In 1968, Armando García-Dávila joined his older brother and two friends on a cross-country motorcycle ride that took 30 days and traversed over 7,000 miles. He was 19-years-old, just out of high school.
“We had real-life adventures,” says García-Dávila, who recounts run-ins with Texas Rangers and Mississippi rednecks and shares memories of seeing the Grand Canyon and stealing corn out of fields in Nebraska when the money ran low.
That real-life adventure inspired García-Dávila’s debut novel, The Trip: Speeding Toward the Cliff at the End of the World, out now.
It’s a novel that’s been 10 years in the writing, according to García-Dávila, who’s known in the North Bay more for his poetry.

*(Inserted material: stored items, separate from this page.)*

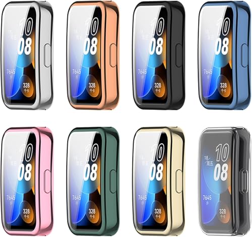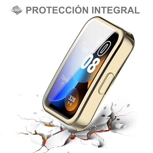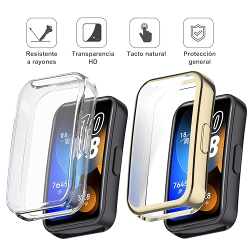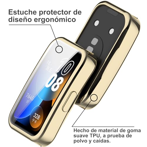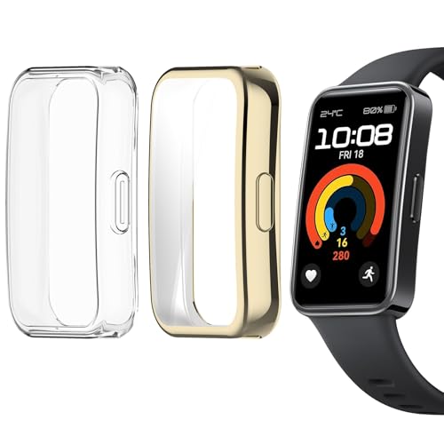 STERT - واقي شاشة من قطعتين من ستيرت متوافق مع هواوي باند 9 وهواوي باند 8، جراب حماية من البولي يوريثين الحراري لهواوي باند 9 وهواوي باند 8 (شفاف + مطلي بالكهرباء بلون ذهبي شفاف)
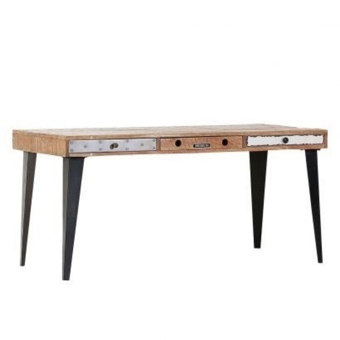 Industrial Lava Solid Wood 3 Drawer Large Hall Table Desk
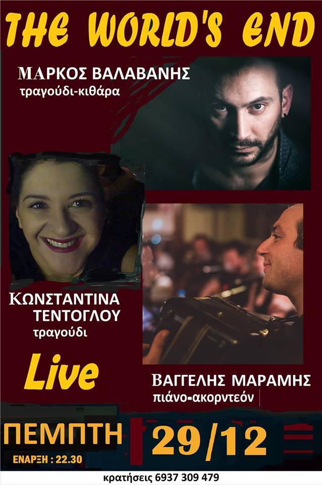 Live με τον Μ.Βαλαβάνη & την Κ.Τεντόγλου στο “The world’s end” στην Πτολεμαΐδα, την Πέμπτη 29 Δεκεμβρίου

After majoring in English at Sonoma State University in the mid-1970s, García-Dávila fell in love with the North Bay and made the region his home, working as a landscape contractor and writing in his spare time.
His writing has been published locally in magazines and newspapers since 1990, and his short stories and chapbooks have sold well. His writing career has also included volunteer work with inmates of San Quentin State Prison and a year serving as literary laureate of Healdsburg in 2002.
“Finally, someone told me to write my memoir,” says García-Dávila. Growing up in a large Mexican-American family with a twin brother and Catholic upbringing, there was a lot for the writer to explore. Yet the memoir didn’t hold his interest and ultimately didn’t go anywhere.
“I thought to myself, what could be something that I would be interested in writing about,” he says. “It was the motorcycle trip.”
Initially, The Trip began as a memoir, though García-Dávila evolved the book into a fantastical novel infused with creative license that he says is loosely based on the Odyssey.
“It’s the hero’s journey—a boy leaves on a long dangerous journey and a man returns,” says García-Dávila. “And along the way, he has to face his deepest fears.”
Several visual references to the Odyssey pop up throughout the book’s wild head-trips and unexpected adventures, and García-Dávila’s characters develop in a similar manner. At one point in the novel, the main character, Tino Caballero, goes through an out-of-body experience akin to Odysseus traveling to the underworld in Homer’s Greek epic.
When readers meet Tino in the following excerpt from The Trip, he’s just setting out on the open road, wide-eyed and naive. Get a taste of the adventure, and find García-Dávila at one of several readings he is holding in the North Bay, beginning April 23.
San Diego, California—
Saturday, August 3, 1968
“¡Ándale! (Charge!),” screamed Tino Caballero, speeding out of the driveway on his powerful new motorcycle. He bolted up Euclid Avenue glancing into the rearview mirror. Standing at the curb were his identical twin brother Val, his pregnant sister, and his mother. She made the sign of the cross toward Tino, blessing him.
He shook his head. Pathetic how much faith she put in that invisible world of hers. Did her countless blessings and invocations to God, the saints, and her ancestors ever do any good?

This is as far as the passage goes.